=== Brief ===
Quote word for word the lines below, beginning with the first and ending with the one that has "Galata bridge is". Drop the pictures.

=== Information supplied ===
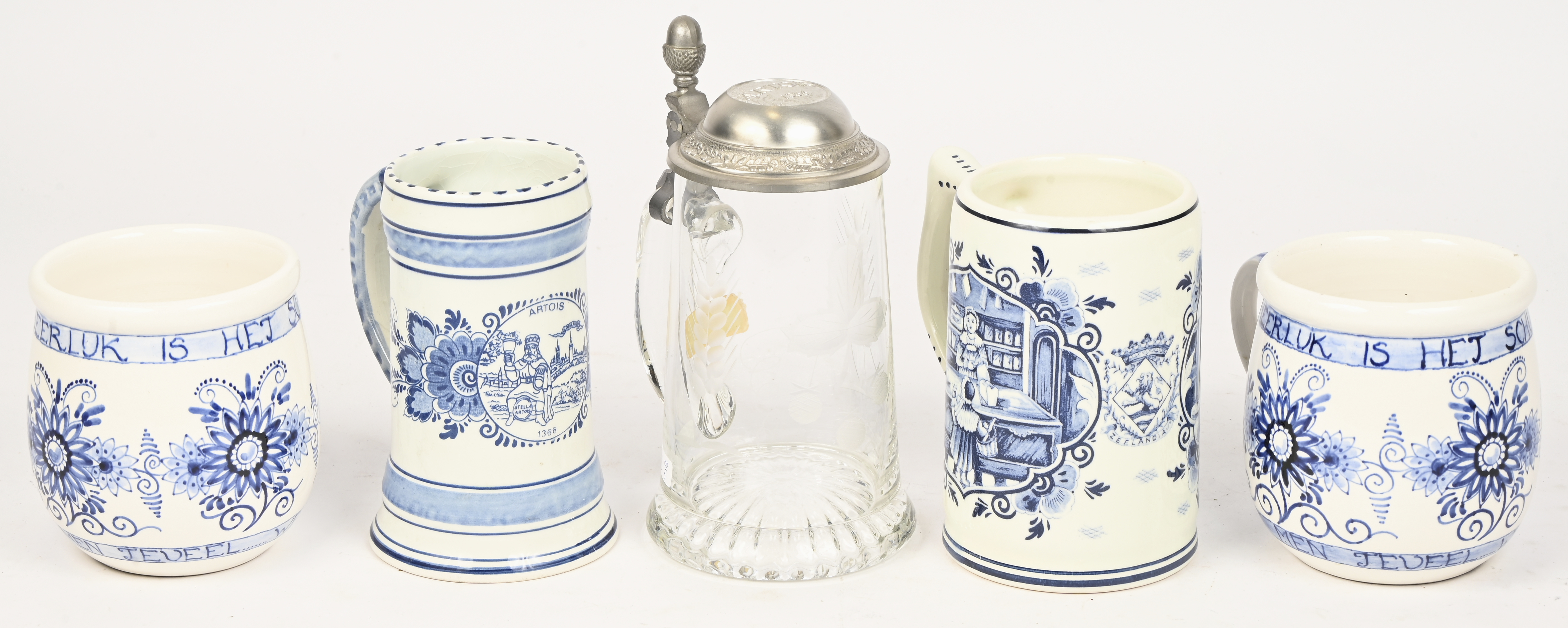 Een lot van drie vazen en drie kannen in Delfts blauw aardewerk.
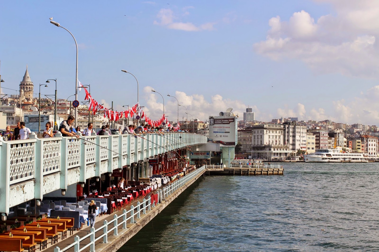 Galata bridge is filled with tourists, fishermen, and a whole bunch of other folk selling things, photographing things (us filthy tourists), or just hanging out.
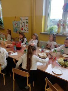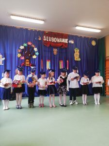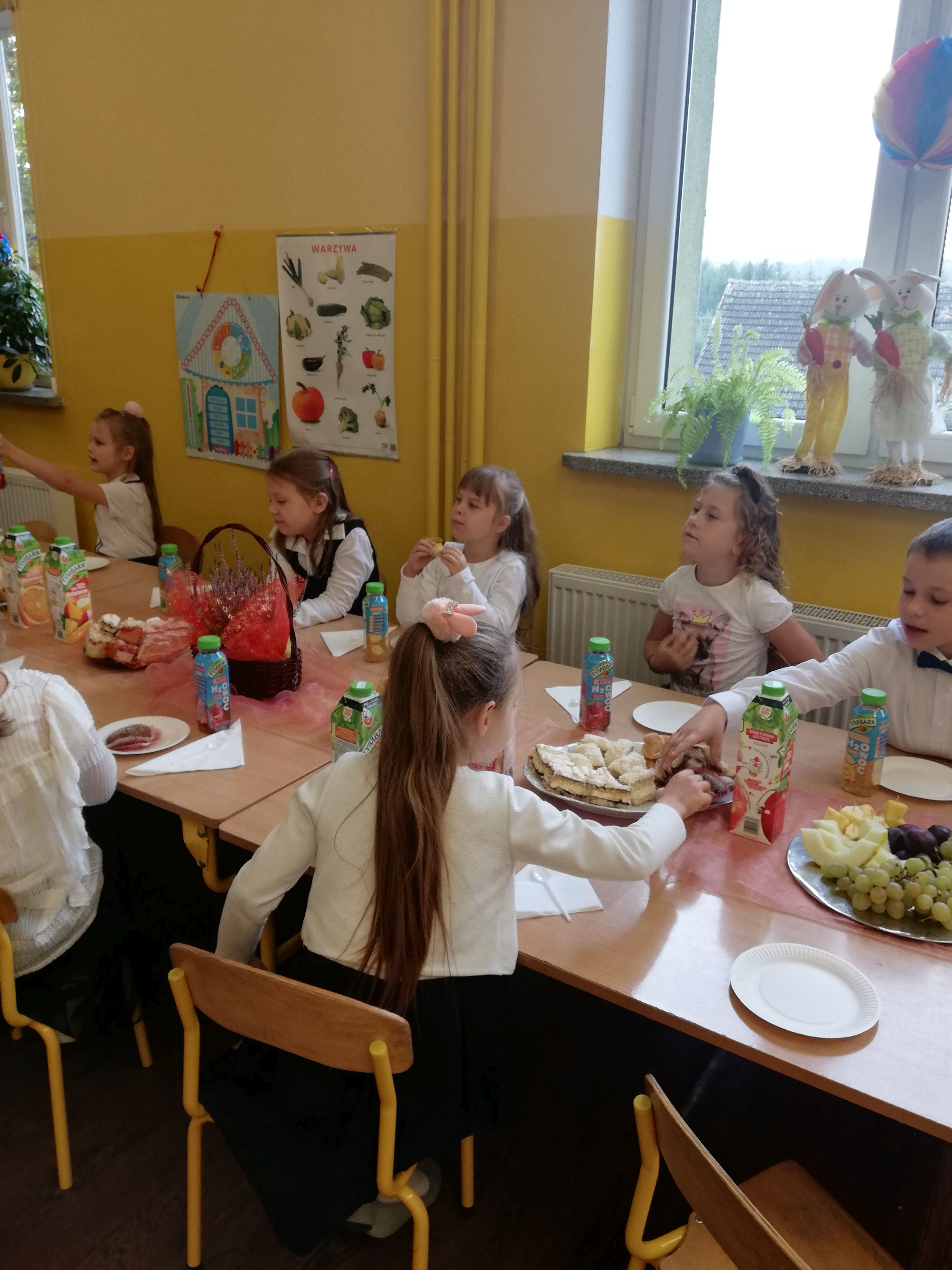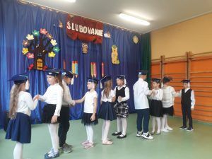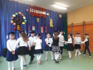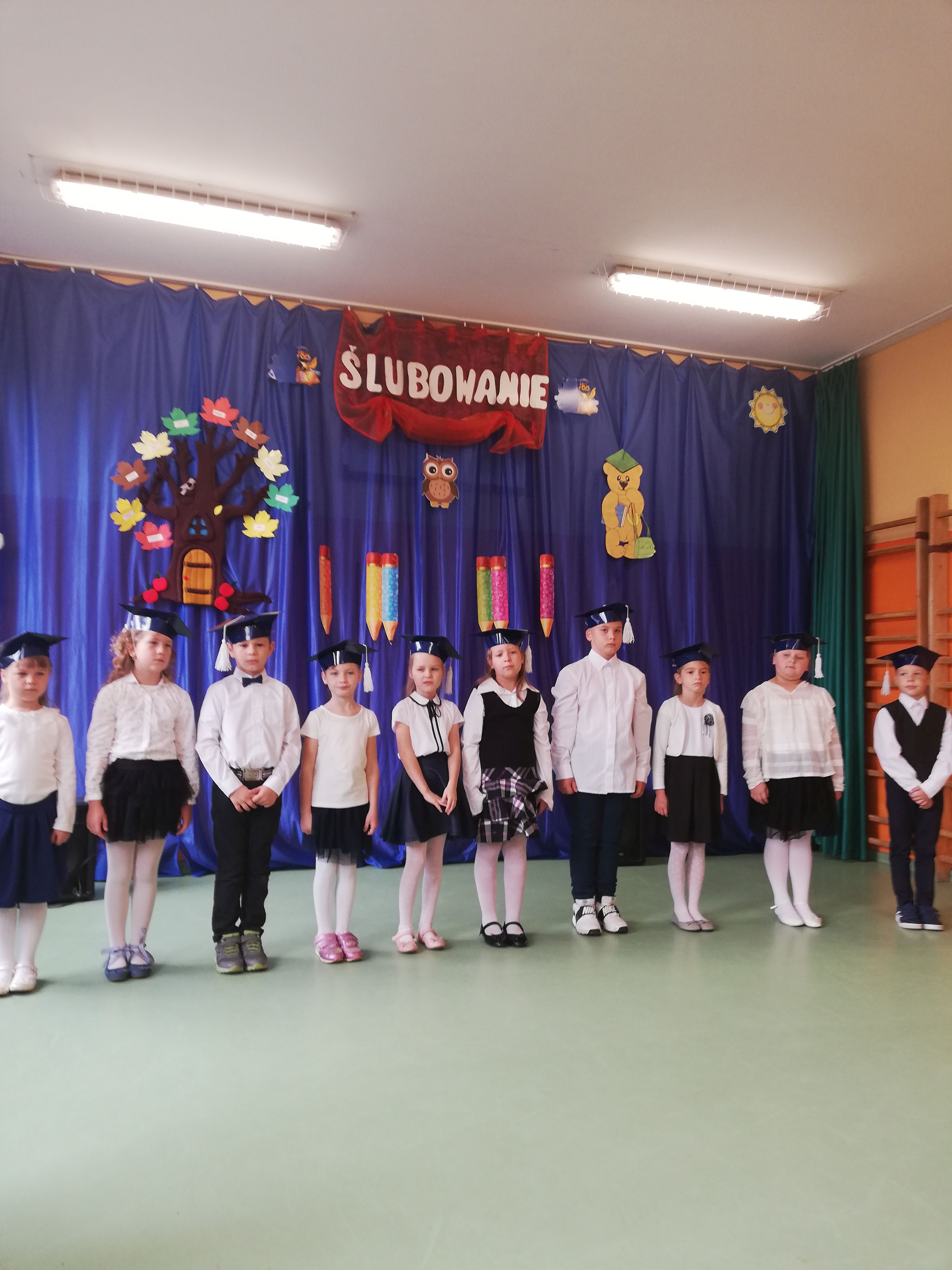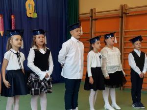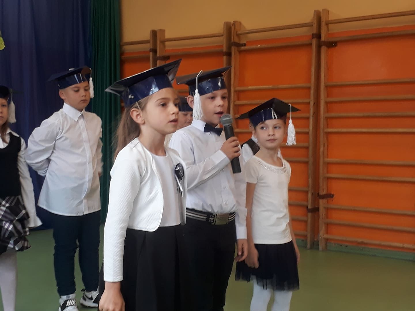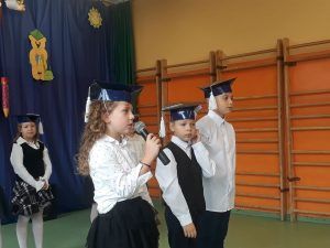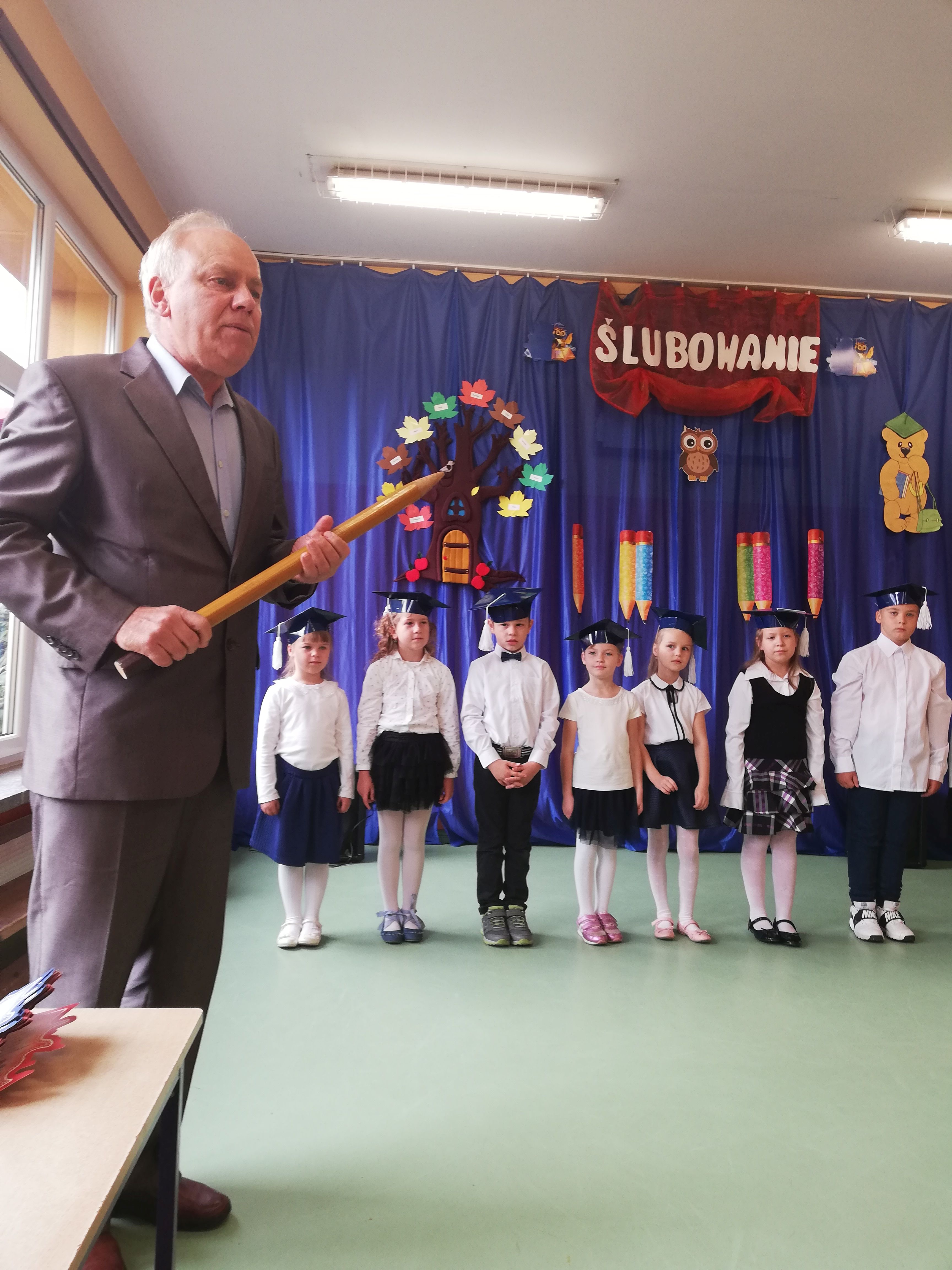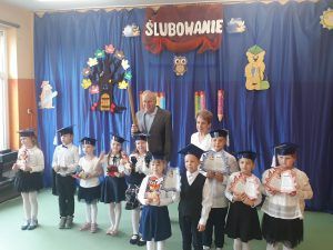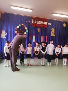 Na początku dzieci wspaniale zaprezentowały swoje umiejętności recytatorskie i muzyczne. Po części artystycznej, w niezwykle podniosłej atmosferze, pierwszaki ślubowały być dobrymi Polakami, godnie reprezentować swoją szkołę, a swym zachowaniem sprawiać radość rodzicom i nauczycielom. Następnie pan Dyrektor dokonał symbolicznego pasowania na ucznia. Na pamiątkę tego wydarzenia dzieci otrzymały pamiątkowe dyplomy, mnóstwo życzeń i prezentów, od starszych kolegów i koleżanek z klas II i III oraz od przedszkolaków. Również rodzice pamiętali o święcie. Przybyli w licznym gronie i zorganizowali ”słodko – owocowe” przyjęcie dla swoich pociech. Ten dzień z pewnością na długo pozostanie pierwszakom w pamięci. Miejmy nadzieję, że słowa przyrzeczenia, które składali, będą dla nich drogowskazem na długie, długie lata szkolne.

=== Exercise response ===
 Een lot van drie vazen en drie kannen in Delfts blauw aardewerk.
 Galata bridge is filled with tourists, fishermen, and a whole bunch of other folk selling things, photographing things (us filthy tourists), or just hanging out.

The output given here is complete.